In the world of servers, it's getting harder and more costly to deliver the generational performance and efficiency gains that we used to take for granted. There are increasing limitations in both the basic materials we use, and the way we design and integrate our systems. In hindsight, one could say that Rackspace started to address these issues by starting at the top of the stack, and moving down; first with OpenStack, then with Open Compute. As we were building OnMetal, our single-tenant, bare-metal Cloud Servers, we began to delve into firmware for Basic Input/Output System (BIOS) and systems management, a still-closed frontier. Moving forward, as we consider the performance levels we want to provide customers with future cloud offerings, we'll need to start moving into chips, memory, and storage.

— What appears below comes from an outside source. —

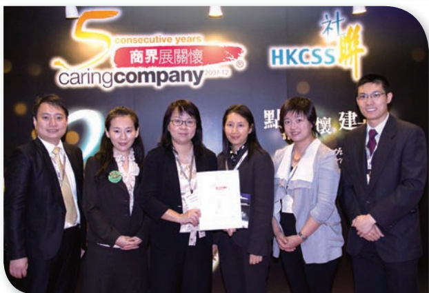
捷成洋行有限公司 Jebsen & Company Limited

And that's what OpenPOWER offers. To quote Rackspace again, "OpenPOWER brings an increasingly open firmware stack, and deeper access to chips, memory, and storage than anywhere else. This is unprecedented, and it invites the open-source community to participate at all layers."

So, what Rackspace plans to do is to enable:

OpenStack and Open Compute developers to work all the way down the stack. Where Open Compute opened and revolutionized data center hardware and OpenStack opened up cloud software and infrastructure-as-a-service, OpenPOWER is doing the same for the last black boxes in our servers: chips, buses, and firmware.

It's an interesting and brave idea. Rackspace has been facing business troubles. Shifting to the cloud from simple Website hosting is doubtlessly a forward-looking move, but it also puts Rackspace in direct competition with public cloud giants such as Amazon Web Services (AWS) and Google Compute.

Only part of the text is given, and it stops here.